- [AIM OF THE EXERCISE] Copy the records below exactly, starting at the line that contains "Met de Alex" and ending at the line that contains "식물이 잘 자라려면 충분한"; leave out any pictures.

- [RECORDS FOR THE EXERCISE]
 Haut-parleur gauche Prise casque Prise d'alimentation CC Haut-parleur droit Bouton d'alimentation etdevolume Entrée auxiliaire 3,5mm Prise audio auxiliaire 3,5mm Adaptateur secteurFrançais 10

--

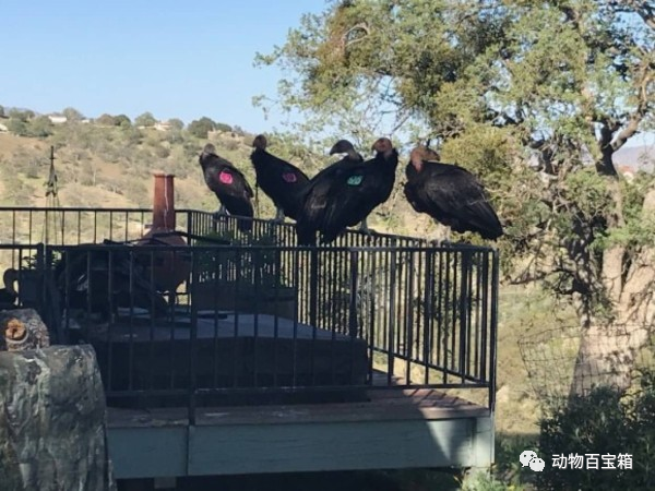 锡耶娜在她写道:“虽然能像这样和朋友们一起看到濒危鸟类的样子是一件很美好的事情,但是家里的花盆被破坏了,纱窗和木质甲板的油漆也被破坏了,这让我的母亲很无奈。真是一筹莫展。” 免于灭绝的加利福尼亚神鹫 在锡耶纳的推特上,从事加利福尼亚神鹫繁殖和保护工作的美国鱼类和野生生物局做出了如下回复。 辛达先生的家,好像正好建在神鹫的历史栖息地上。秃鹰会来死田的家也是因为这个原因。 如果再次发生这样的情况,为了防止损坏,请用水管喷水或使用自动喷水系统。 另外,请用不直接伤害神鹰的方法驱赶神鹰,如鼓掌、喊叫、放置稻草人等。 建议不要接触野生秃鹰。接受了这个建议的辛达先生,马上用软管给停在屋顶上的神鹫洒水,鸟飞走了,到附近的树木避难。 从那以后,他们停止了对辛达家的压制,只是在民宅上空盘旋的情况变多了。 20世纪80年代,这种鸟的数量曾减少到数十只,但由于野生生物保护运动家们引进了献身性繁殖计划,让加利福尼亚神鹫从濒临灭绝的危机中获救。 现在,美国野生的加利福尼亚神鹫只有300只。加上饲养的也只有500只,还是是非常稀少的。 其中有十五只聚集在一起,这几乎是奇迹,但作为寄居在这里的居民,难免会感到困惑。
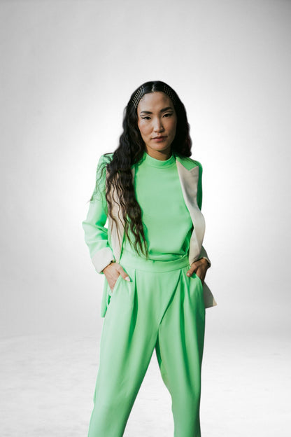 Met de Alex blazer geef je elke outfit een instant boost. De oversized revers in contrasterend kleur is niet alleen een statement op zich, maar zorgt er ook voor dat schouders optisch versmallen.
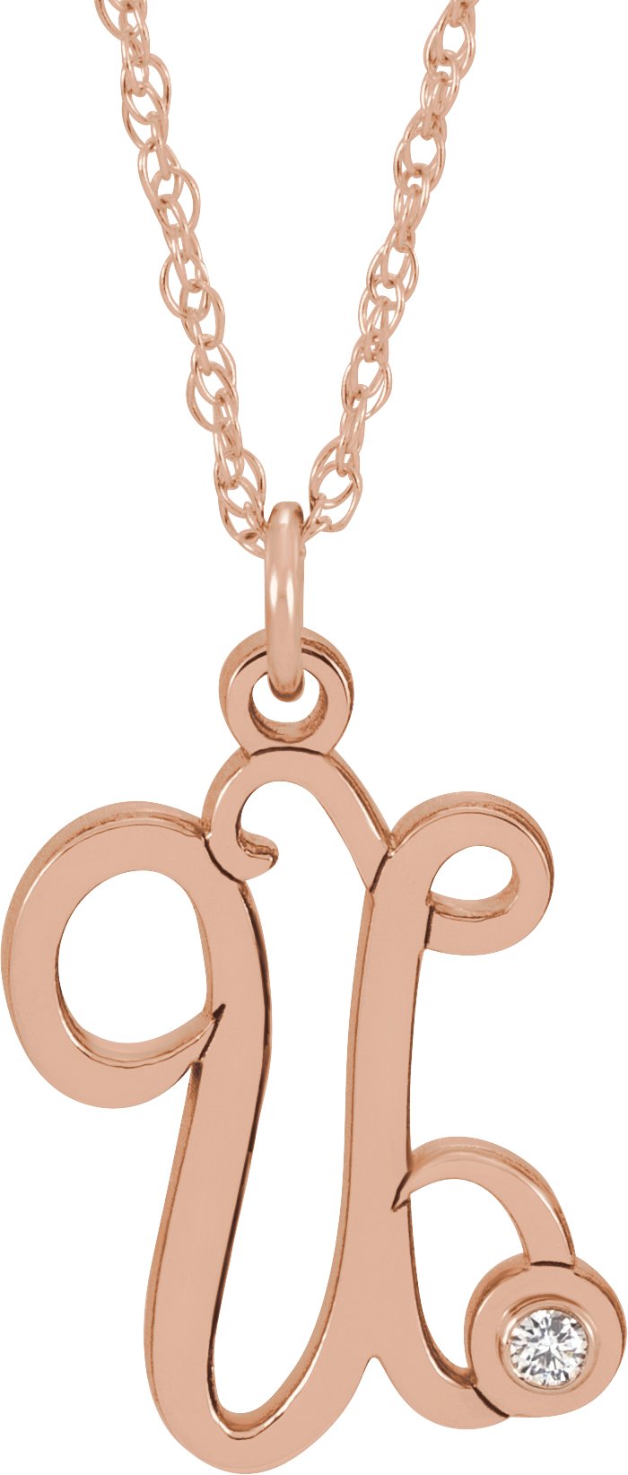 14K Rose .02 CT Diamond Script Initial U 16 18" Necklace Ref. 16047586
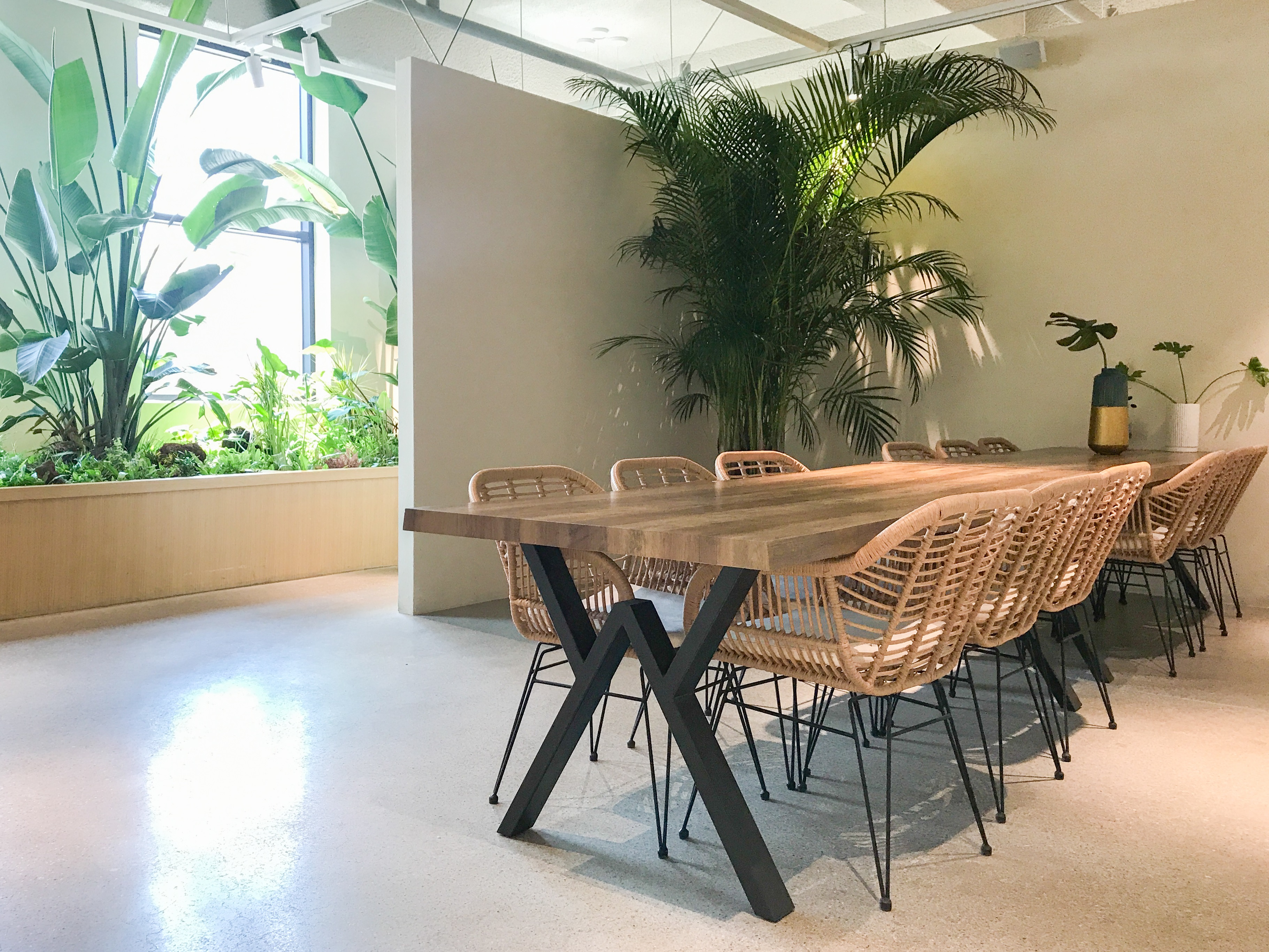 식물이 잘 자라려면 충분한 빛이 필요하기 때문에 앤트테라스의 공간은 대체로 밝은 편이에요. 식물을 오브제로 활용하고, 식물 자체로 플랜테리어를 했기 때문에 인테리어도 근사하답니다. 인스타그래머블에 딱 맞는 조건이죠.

- [SOLUTION BELOW]
 Met de Alex blazer geef je elke outfit een instant boost. De oversized revers in contrasterend kleur is niet alleen een statement op zich, maar zorgt er ook voor dat schouders optisch versmallen.
 14K Rose .02 CT Diamond Script Initial U 16 18" Necklace Ref. 16047586
 식물이 잘 자라려면 충분한 빛이 필요하기 때문에 앤트테라스의 공간은 대체로 밝은 편이에요. 식물을 오브제로 활용하고, 식물 자체로 플랜테리어를 했기 때문에 인테리어도 근사하답니다. 인스타그래머블에 딱 맞는 조건이죠.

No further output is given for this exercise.